Fixing Longhorn Volumes That Refuse to Attach
This document (000021788) is provided subject to the disclaimer at the end of this document.
Environment
Longhorn v1.2.0+
Situation
Longhorn volumes in Kubernetes clusters can sometimes fail to attach to pods, causing persistent issues where pods enter restart loops or remain in a pending state. These issues often occur in environments with node disruptions, incorrect scheduling, or replica faults. This article outlines common attachment issues and provides troubleshooting steps and resolutions to restore volume functionality.
Resolution
Scenario 1: Volumes Detach Unexpectedly and Won’t Reattach
-
Restart the Deployment or StatefulSet to recreate pods.
-
Ensure your Longhorn version is 1.2.0 or later, which includes auto-recreation of pods upon unexpected detachments.

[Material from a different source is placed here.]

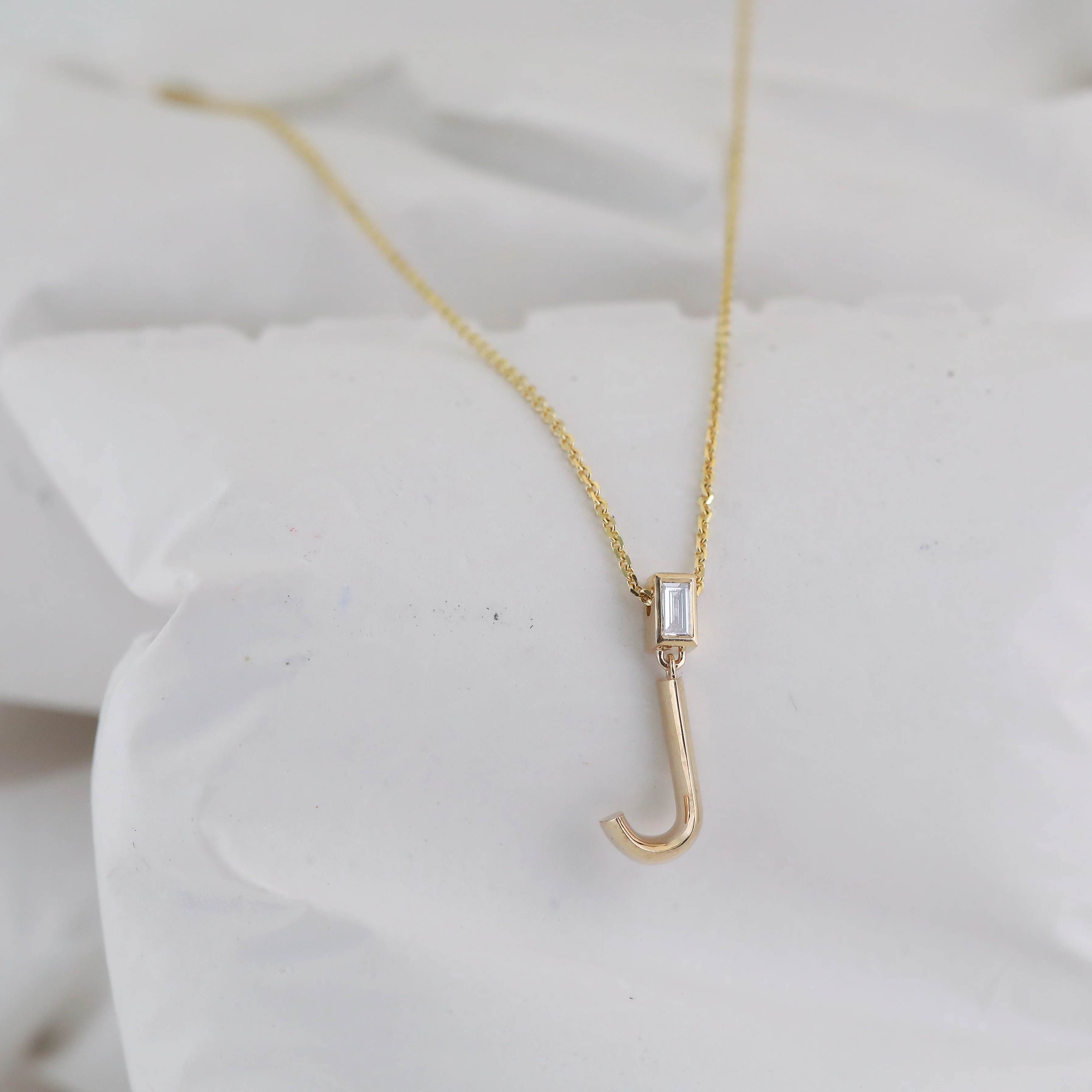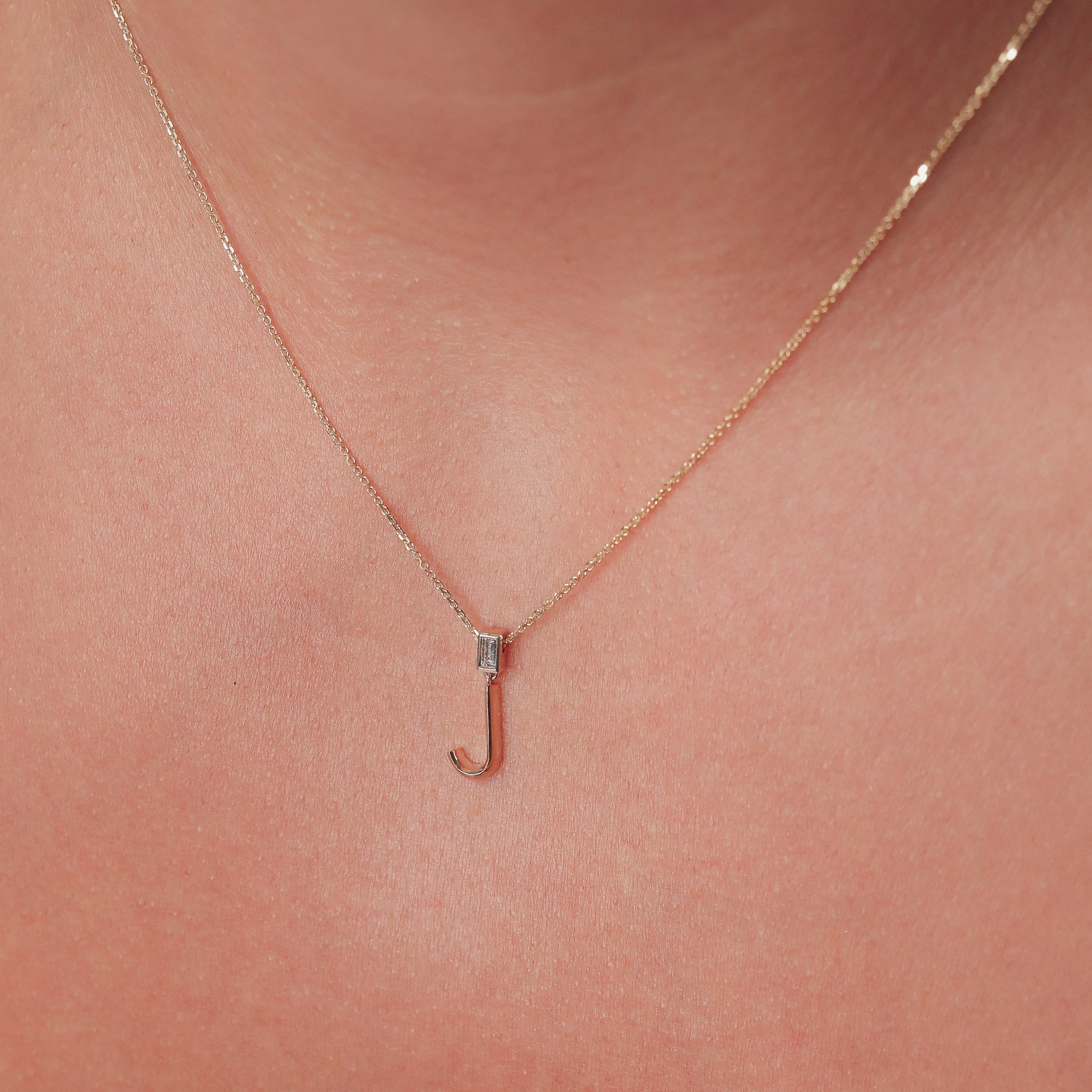 These pendants feature a baguette cut white diamond on a 9k yellow gold trace chain.Â

Scenario 2: Volumes Can't Attach Even After Pod Recreation
-
Identify the affected PVC and its bound PersistentVolume (PV).
-
Scale down pods and ensure the volume is detached.
-
Use
kubectl -n longhorn-system edit volumes.longhorn.io <volume-name>
to clear these fields:-
spec.nodeID
, -
status.currentNodeID
, -
status.ownerID
, -
status.pendingNodeID
-
-
Reapply changes and scale up pods.
Scenario 3: Volumes Can’t Attach Due to Prior Attachments (RWO Limitation)
-
Use
spec.nodeName
in the pod template to pin all pods accessing the volume to the same node. -
Alternatively, use Pod Affinity to co-locate pods.
-
Consider migrating to RWX (ReadWriteMany) volumes via Longhorn Share Manager (NFS-backed).

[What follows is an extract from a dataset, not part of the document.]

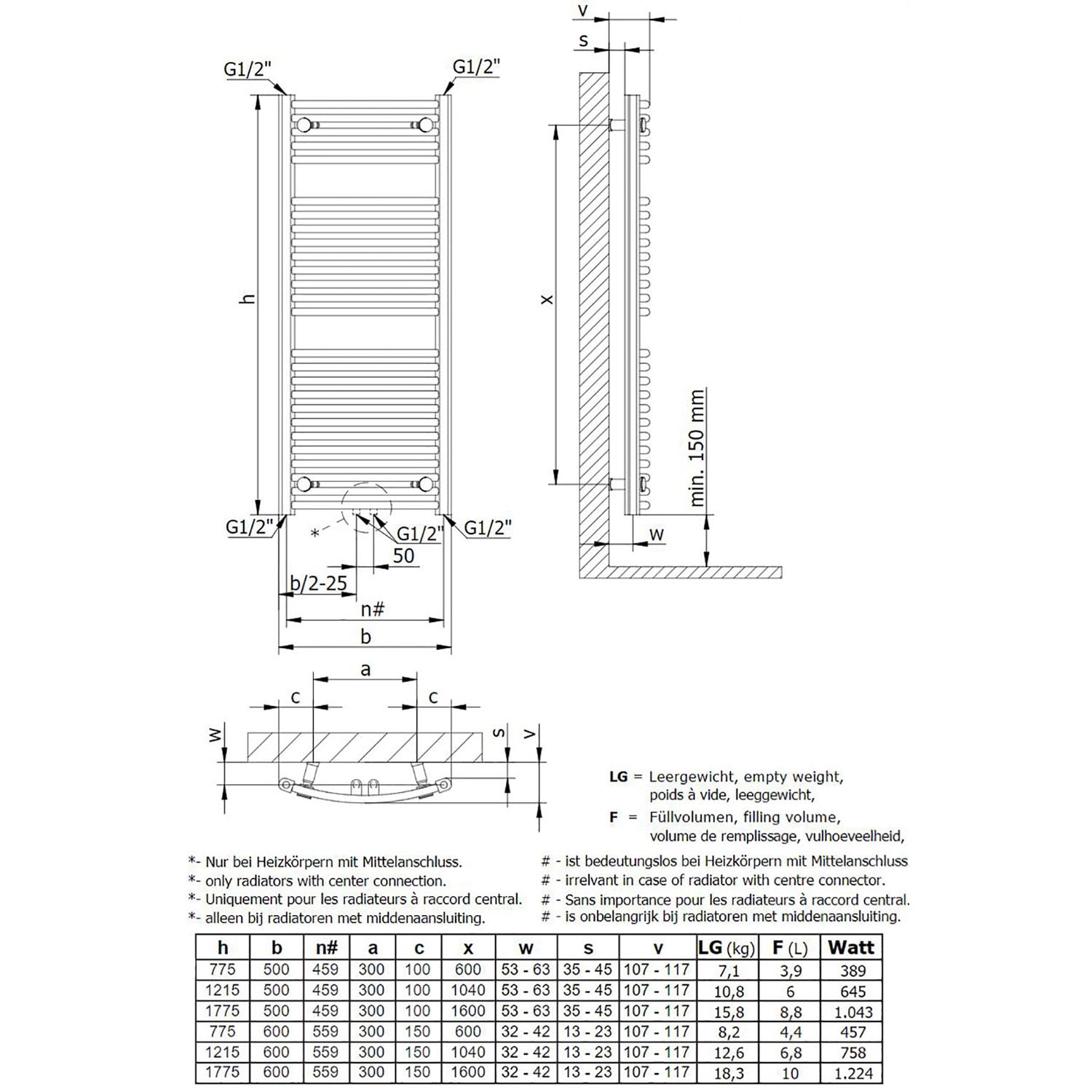 - Vorlauf und Rücklauf seitlich unten links und rechts 1/2"
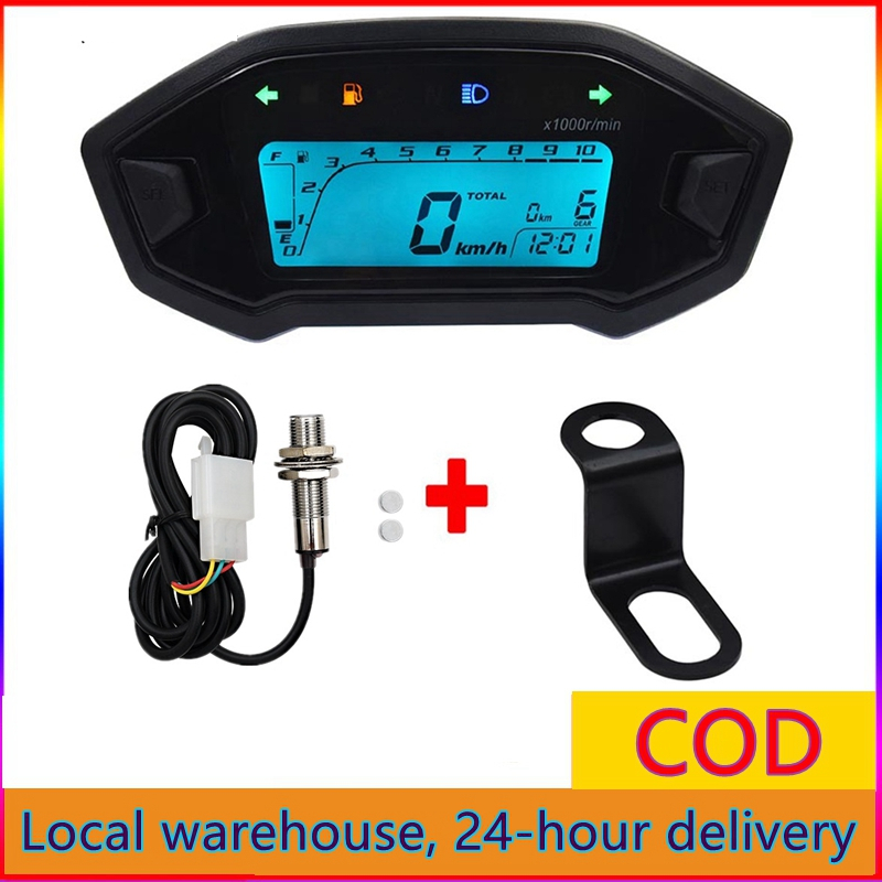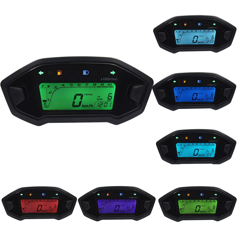10000RPM New Universal Motorcycle LED Adjustable Speedometer 7 Colors Backlight Digital Odemeter Tachometer

Scenario 4: Faulted Replicas Blocking Attachments
-
Try the Salvage option from the Longhorn UI.
-
If that fails and the fault is acceptable:
-
Use
kubectl -n longhorn-system edit replicas.longhorn.io <replica-name>
-
Clear the
spec.failedAt
field. -
Force-reattach the volume (only if data integrity is not critical).
-
-
For production workloads, consider using multiple replicas for fault tolerance.
Cause
Longhorn volumes can become unresponsive or fail to attach due to inconsistencies in the control plane state or underlying replica issues. These problems typically arise when the system is interrupted or doesn't clean up volume metadata properly after node transitions, pod restarts, or other cluster events.
One common cause is that Longhorn retains outdated information about a volume's attachment status. For example, fields like nodeID
, ownerID
, or currentNodeID
may still be set, causing Longhorn to incorrectly assume the volume is already in use, even when it's not. This stale state can block new attachment attempts and lead to pods getting stuck in a pending or crashloop state.
Another issue occurs when replicas are marked as faulted due to incomplete writes, running out of space, or disruptions during I/O. Even if the data is still usable, Longhorn may refuse to attach the volume for safety reasons unless it's manually salvaged or reset.
In environments using ReadWriteOnce (RWO) volumes, attachment failures can also happen when multiple pods or workloads try to access the volume from different nodes. If Longhorn believes the volume is still attached elsewhere, it will block new attachments to maintain data integrity.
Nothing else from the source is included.